郑锍也不知有没有听清这些话,往昔深蕴光华的眸敛去光泽,余留下沉沉的黑,一望无底:“她不要……朕给的,她不要!”
他轻轻的说,只说给自己听得。皇后听见了,莫名地伤悲。许久,郑锍已恢复平静,唇边也勾起了淡淡的笑,就如同往日一样。
“皇后,你告诉宣儿,朕不是个好父亲……朕要留下你们俩,继续在这皇位上争斗。只是我有句话要留给宣儿,告诉他,皇位,是刀箭上的蜜糖,只要贪恋那种甜蜜的滋味,就会被扎得鲜血淋漓,而旁的人都避着,让着,这滋味,太过寂寞了……”
心犹如被凿了个洞,空洞洞的,痛地揪心,皇后勉强带着笑点头:“是,臣妾自会转达。”
郑锍不再言语,皇后拿起床沿边的锦被,轻轻盖在他身上。殿内采光极盛,帐内纤毫毕现,床上人脸颊苍冷,下巴尖尖,整个面上浮着青色。她看着他的脸,胸口就像闷鼓被擂了一下,沉重无声,忙撇过头,以袖遮面,擦去面上泪滴。
殿内鸦雀无声,静到了极致,郑锍刚才一阵折腾,此刻累极,似已熟睡。静悄悄的大殿中只听见他略显急促的呼吸,一呼一吸,一深一浅。她屏气静听,视线却在殿内游荡,帐外的光芒是屡屡成束的,经过琉璃映射,带上了些微色彩,或是黄的,或是红的,投在如镜的青砖地面上,光线也像是活了,在空中暗暗流溢。

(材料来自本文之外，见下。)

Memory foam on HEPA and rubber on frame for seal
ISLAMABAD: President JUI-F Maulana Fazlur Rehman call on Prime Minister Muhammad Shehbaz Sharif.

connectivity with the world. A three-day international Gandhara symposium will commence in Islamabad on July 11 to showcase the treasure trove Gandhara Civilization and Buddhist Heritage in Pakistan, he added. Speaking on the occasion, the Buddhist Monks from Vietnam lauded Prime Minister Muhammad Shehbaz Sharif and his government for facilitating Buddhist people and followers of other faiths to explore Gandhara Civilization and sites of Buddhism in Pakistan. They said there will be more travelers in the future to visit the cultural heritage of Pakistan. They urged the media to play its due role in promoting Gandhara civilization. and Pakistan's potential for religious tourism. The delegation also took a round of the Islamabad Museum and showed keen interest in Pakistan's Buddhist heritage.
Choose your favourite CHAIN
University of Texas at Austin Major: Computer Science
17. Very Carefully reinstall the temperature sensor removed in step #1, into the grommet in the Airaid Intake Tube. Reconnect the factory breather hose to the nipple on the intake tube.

她有多久不曾这么静过了?久地连自己也忘记了。这几年来,她可有片刻是像今日一样?
自玉督之战起,先是白巍战败,自刎西州,皇上跟着就心力交瘁,重疾缠身,朝中一面进行改革自新,肃清楼氏一党,另一边端王却不安于室……她在这殿外熬过了多少岁月?
这桩桩件件,哪一件不让人揪心人肺,左右为难?
她低下头,留意到自己的手,温滑细腻,白如玉脂,还如双十年华的少女一般,一点都看不出岁月留下的痕迹。可心里清楚,自己已经是老了,就算容颜依旧,心,却已经老了。
五年之中,她在这个殿中,看着郑锍一日日地虚弱,一刻刻地衰老,只觉得这样的日子如此漫长,无边无际……就这样把心给熬老了。

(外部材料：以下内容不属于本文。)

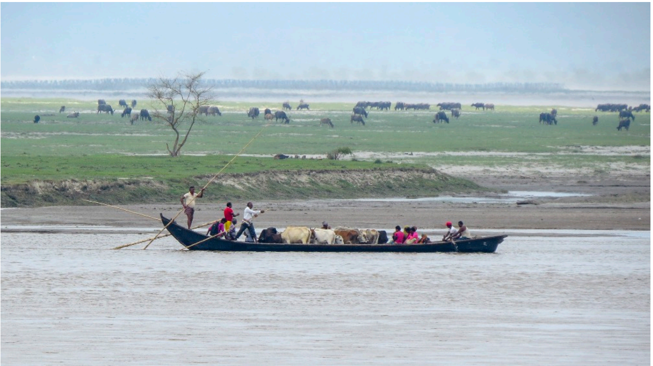
Traditional river transport carrying people and cattle, Kosi River.

For session wise updates, go to: indiariversforum.org/indiariversweek2022
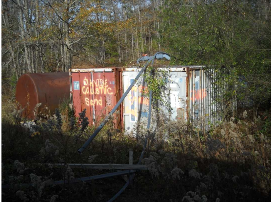
Conex boxes and large AST containing potentially-hazardous sands
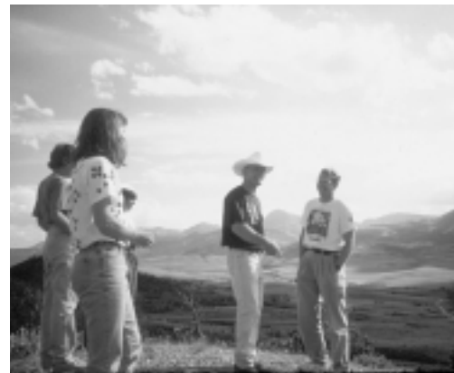
A teacher workshop field trip on the Rocky Mountain Front in Montana.

A follow-up telephone contact was initiated with 15 nonrespondents. The intention was to telephone these nonrespondents to determine why they had not responded, and if there were significant differences in responses from the 52% of teachers who had returned
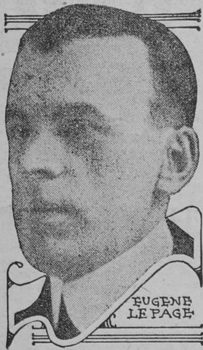
Tanlac Vegetable Pills For Constipation. Made and Recommended by the Manufacturers of Tanlac.

Tanlac is for sale by all good druggists. Accept no substitute. Over 40 million bottles sold.
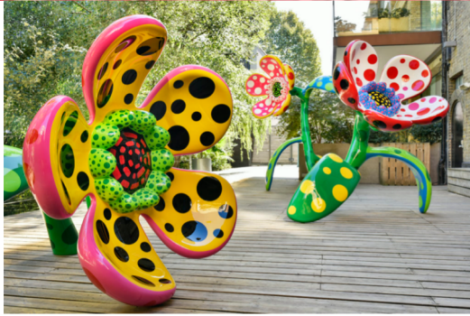
Yayoi Kusama, Flowers That Bloom At Midnight, 2018
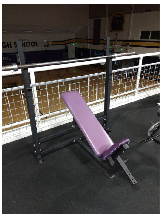
(#13) incline bench. Manufactured in the 2000's. (bar not included)
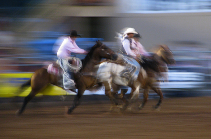
“Zoom, Zoom, Zoom” by Jacqueline Vignone
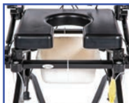
P13833 16"Wx18"D Pan/Hanger
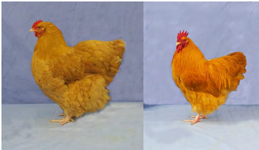
Reserve Champion Orpington Large- Buff Pullet – Simon Bevan Reserve Champion Orpington Bantam – Buff cockerel – Blue Callinan

想着不由心酸,她无声地轻叹,转过身,瞥到郑锍明黄色的衣袖露在被外,伸出手,温柔地掖进锦被中。就在她神思恍惚间,被中的手倏地一把抓住她的腕,心“卜通”的一声巨响,倒把她自己吓了一跳。
“归晚?”郑锍转过身,沉沉地唤了一声,吐气浓浊,像是梦语。
她方才还精神不济,思绪不齐,听得这一声叫唤,心下阵阵发凉,人倒清醒过来,面色阵红阵白,眼前锦被明晃晃的黄,亮地直扎眼。她抽回手,这一下用力极大。
郑锍惊醒,睁开眼:“嗯?”
皇后悚然,这才意识到自己做了什么,忙道:“臣妾失礼。”
郑锍又唤:“是皇后?”皇后应声。
“你一直在这侯着?”郑锍精神似乎好些了,“你也累了,去歇着吧,朕给你的旨意好好收着。”

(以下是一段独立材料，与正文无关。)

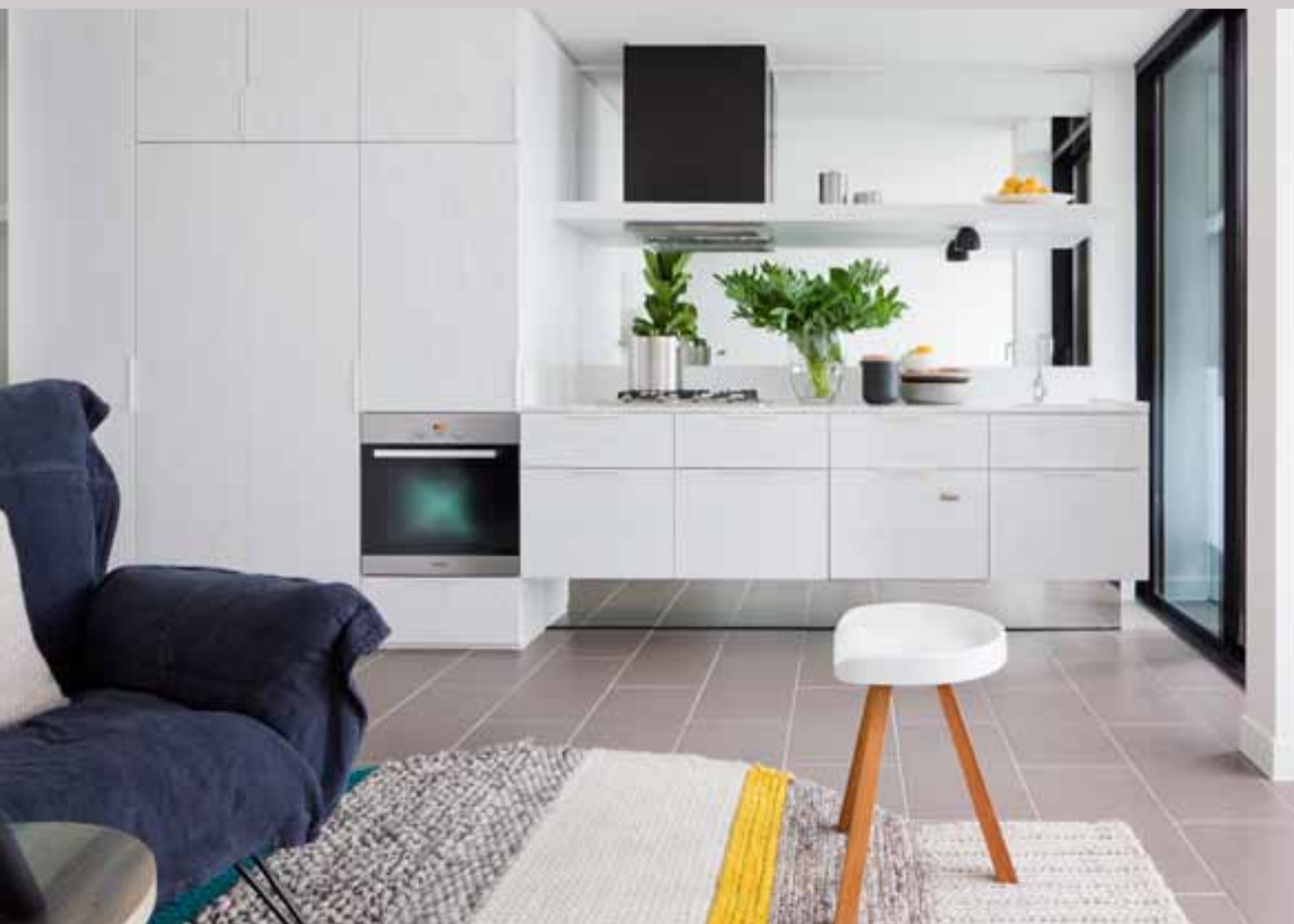
elm Melbourne, Australia

The elm development by Fridcorp draws inspiration from its adjacent tree-lined boulevard of St Kilda Road, on a prime site that was once home to a Melbourne television icon. Exuding a sophisticated style and beauty, elm features subtle, layered architecture, elements of art within the interiors and a podium level recreation deck.

皇后微怔,只是道:“皇上,臣妾还是在这里陪着您吧。”
郑锍没料到她会这样说,抬头仔细地看了一眼,恍恍惚惚的。胸口渐渐淤塞,气息不平,他连呼吸都感到困难,不知哪里来的力气,烦躁地甩了甩手:“退下,退下……朕不要人候着。”
郑锍自病后,脾气一向不善,皇后无奈退出帐外,伏地一跪:“臣妾告退。”帐内悄无人声,她慢慢起身,拿起搁在一旁的圣旨,手指微微颤抖,收进袖中。收拾好心情,转身离开。一路踩着琉璃光彩倾洒的青砖地,走出空空荡荡的内殿。
“禾楚……”
听到这声低唤,她身躯一震,脚下立停。慌张地回过头,不可置信地瞪着罗帐,风轻轻吹拂,湖水似地涟漪晃摆,金光粼粼。
像她刚进宫做信王妃的时候,他就曾站在帐外,半挽着帘,眉眼间盈着笑,笑地温柔,一声声唤她:“禾楚,禾楚……”
可这一声唤,她等了足足有十年了。
“皇上?”她开口,声音抖地厉害,语不成调。
“朕知道,你和他们瞒着朕,不让朕知道……”帐里模模糊糊,声音淡地只成一线。
皇后颤着身,唇畔微张,眼中晃过五彩,头胀欲裂,心中只是念道:他知道,他都知道,他都知道……
“朕不怪你,你是为朕好,可朕就想知道,她……她到底……”一阵急喘扰乱了他的话语,皇后静静地听着,半个身子软了下来,跪在冰冷的地上,大殿上只有她一道纤弱的身影,凄清难言。
“罢,罢了……你退下吧,朕不想知道了,”帐内人喘着道,呼吸已用尽了他所有力气,嗓子沙哑,耗了半晌,他才艰难地挤出一句:“这些年,辛苦你了。”
皇后哪里还忍地住,泪水决了堤似地流,她掩起面,支起身子,跌跌撞撞地急步离开内殿。
殿外阳光明媚,端的是春光如练,暖气融融。院中宫人都被遣走了,她看着落落空无的院子,嚎声恸哭。
一生一世的泪水,仿佛都在这一刻用完了。
这一哭足有个把时辰,待她醒过神,天显暮色,已是傍晚时分。眼中的泪流尽了,心里头这才空出方寸地方。思考今日御乾殿中情形,心如明镜,揣测出些端倪。手伸进袖中,紧紧攥紧那张轻如薄绢的纸,缓缓走出殿院子。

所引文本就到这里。